I believe the story whatever it is and whoever it may belong to is an integral ingredient in that delectable delicacy that can be inspiration. Inspiration is the story, and it never belongs to the writer but to the inspired. At least that’s how I interpreted that quote .
As a child I was introduced to the worlds that lay within The Famous Five, Secret Seven, The Hardy Boys and others. These books where the early cultivator’s of my imagination and when I began to write, I too wrote exactly the kinds of stories I was reading. This is something Chimamanda Adichie refers to in her TED talk when she says “… What this demonstrates, I think, is how impressionable and vulnerable we are in the face of a story, particularly as children …” A strong case can then be made that the stories we read in a way are pivotal to how the inspiration we get from them manifests itself. Whether we are inspired by the writers, the doctors or the sports stars story , it drives us closer to whatever our life’s calling is. We become what we read.
Prior to reading the works of Achebe and other African writers, I had become convinced that books by their very nature could only have their setting in far far away places. Something that is the subject of one of my favourite TED talks The Danger of A Single Story by Chimamanda Adichie.
The whole idea of a stereotype is to simplify. Instead of embracing diversity,that it’s this or maybe that ,you have just one large statement; it is this – Chimamanda Adichie ( The Danger Of A Single Story)
In my case my early reading of books by European and American writers had created a singular story which blinkered my world view and narrowed the pool from which I drew my inspiration. This all changed in my teen years were my literature classes were to juxtaposition the works of William Shakespeare and the Chinua Achebe. This enabled me to appreciate the power of different stories by affording me the opportunity to appreciate a writer from a different era in English in Shakespeare and the “Father of African literature” Chinua Achebe. Achebe’s masterpiece Things Fall Apart however was more defining. A writer who the great Nelson Mandela himself said this of “He is the writer in whose company the prison walls came down”. Because of Chinua Achebe and other African writers I went through a mental shift in my perception of writing and was confronted with a new and more relevant inspiration. In started to write about things I recognised. It was the inspiration I needed to find my own voice and write my own story .

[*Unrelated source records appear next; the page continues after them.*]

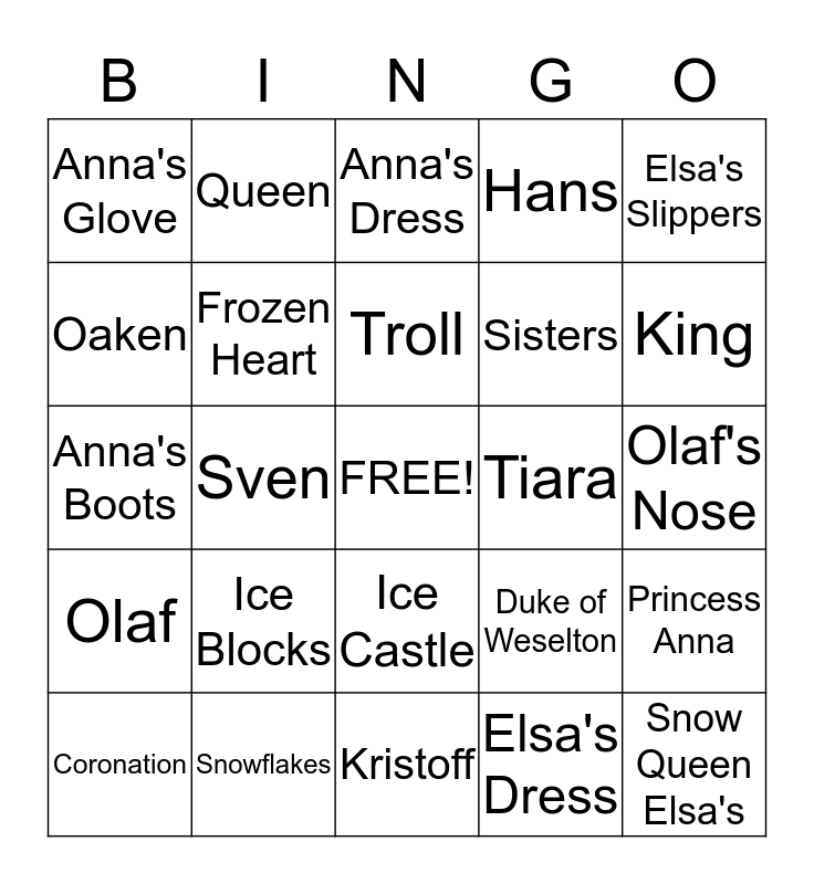 This bingo card has a free space and 24 words: Ice Blocks, Snowflakes, Troll, Coronation, Elsa's Slippers, Anna's Glove, Oaken, Queen, Tiara, Ice Castle, Sisters, Anna's Boots, Duke of Weselton, Princess Anna, Frozen Heart, Elsa's Dress, Olaf's Nose, Anna's Dress, King, Sven, Snow Queen Elsa's, Olaf, Hans and Kristoff.
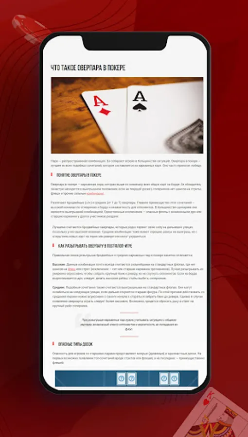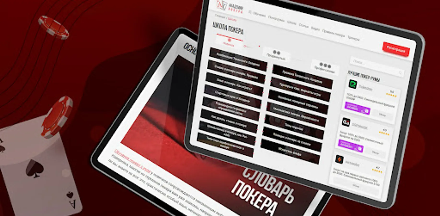 В приложении Академия покера вы сможете найти десятки обучающих материалов. Новые игроки получат ценную информацию о правилах, комбинациях, а также стартовых стратегиях. Для тех, кто уже сделал первые шаги в покере, есть статьи о действиях в разных позициях, рекомендациях игре по GTO, а также гайды по использованию популярных покерных программ.
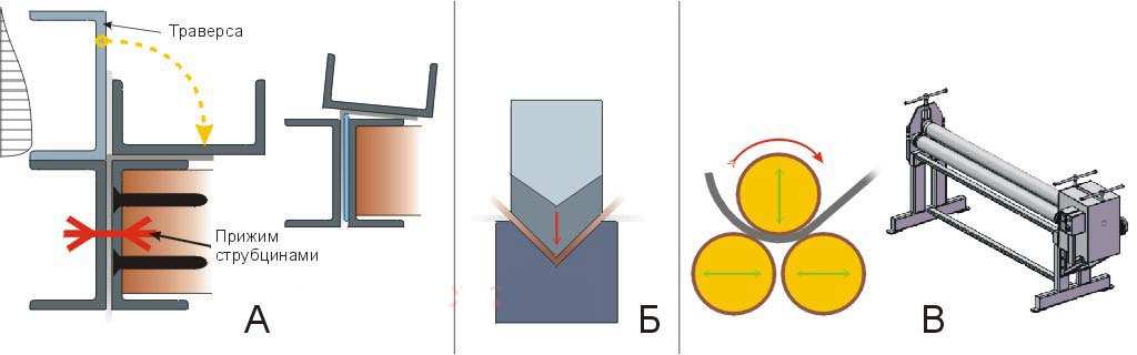 - гибку роликовым инструментом, которую часто совмещают с профилированием непрерывного листового материала и отрезкой ножами. такая гибка носит локальный характер. усилие при этом незначительно, что позволяет вести процесс на автоматизированном оборудовании повышенной производительности.
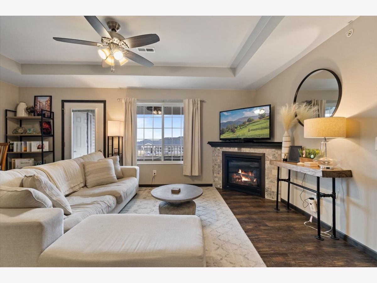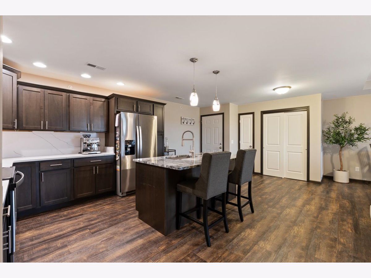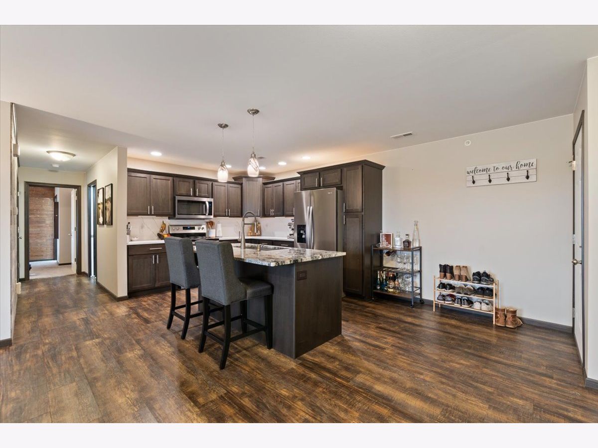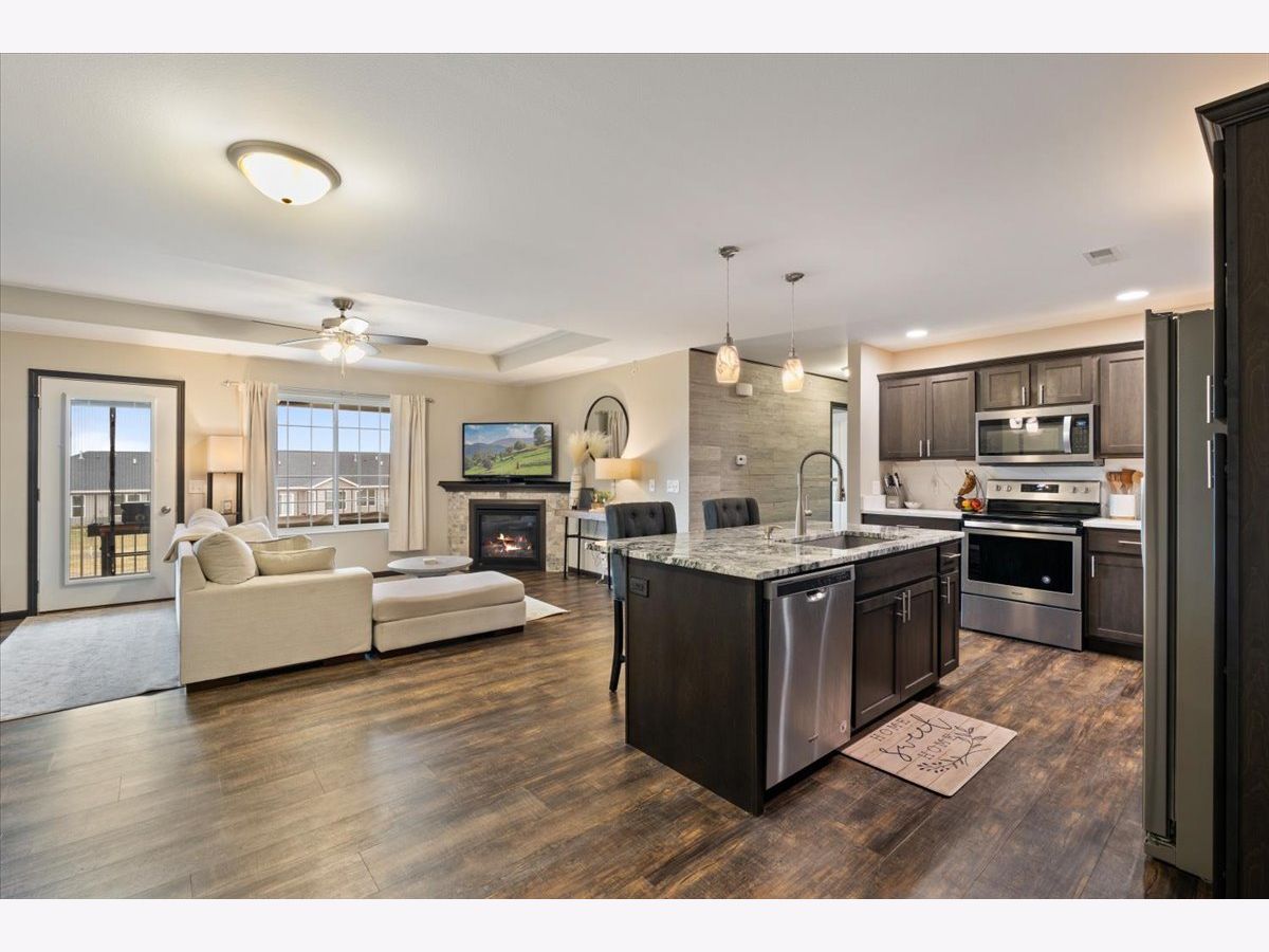 Welcome home to this beautifully maintained 2-bedroom, 2-bathroom second-floor condo in the desirable Eldridge community! Built in 2016, this newer construction offers modern finishes, stylish touches, and comfortable, low-maintenance living. Step inside to find a bright and inviting living space filled with natural light and enhanced by tasteful, well-chosen decor that adds a warm and sophisticated feel throughout. The open-concept layout flows seamlessly into the kitchen, where you'll love the stainless-steel appliances, a spacious kitchen island with a built-in sink on a granite countertop along with quartz on the other countertops. And ample cabinetry-perfect for both everyday living and entertaining. 2025 water filtration system for clean water! The primary suite offers a private full bathroom and generous closet space, creating a relaxing retreat. A second bedroom and full bath provide flexibility for guests, a home office, or additional living space. Enjoy the convenience of a 1-stall garage and a large private deck with two storage closets. All within close proximity to parks, shopping, and dining. Located in the highly sought-after North Scott School District, this condo truly checks all the boxes. Don't miss your chance to own this move-in ready home with style and comfort-schedule you're showing today! Seller reserves - storage shelfs in garage, portable fan in garage, deep freezer in garage, mirror in primary bedroom on wall, and all curtains) Seller will leave - Curtain rods, table in garage, water filtration system, both bedroom TVs and mounts.

It is important to point out that every journey is not without its setbacks and most stories include failure. As with any story with a happy ending how the characters deal with adversity is key. Based on this I believe that inspiration is the Florence Nightangle of our ambitions. Selflessly nursing our ambition when its been battered by with failure until such a point when we fully recover and finally realise our dreams. So never give up trying to do what you really want to do. Where there is love and inspiration, you cannot go wrong. Above all Inspiration is free but sometimes you just have to go and get it. Let inspiration be the nurse to your ambition.
I hope I have managed to make you think about which story inspires you and whether or not you have a story that will inspire.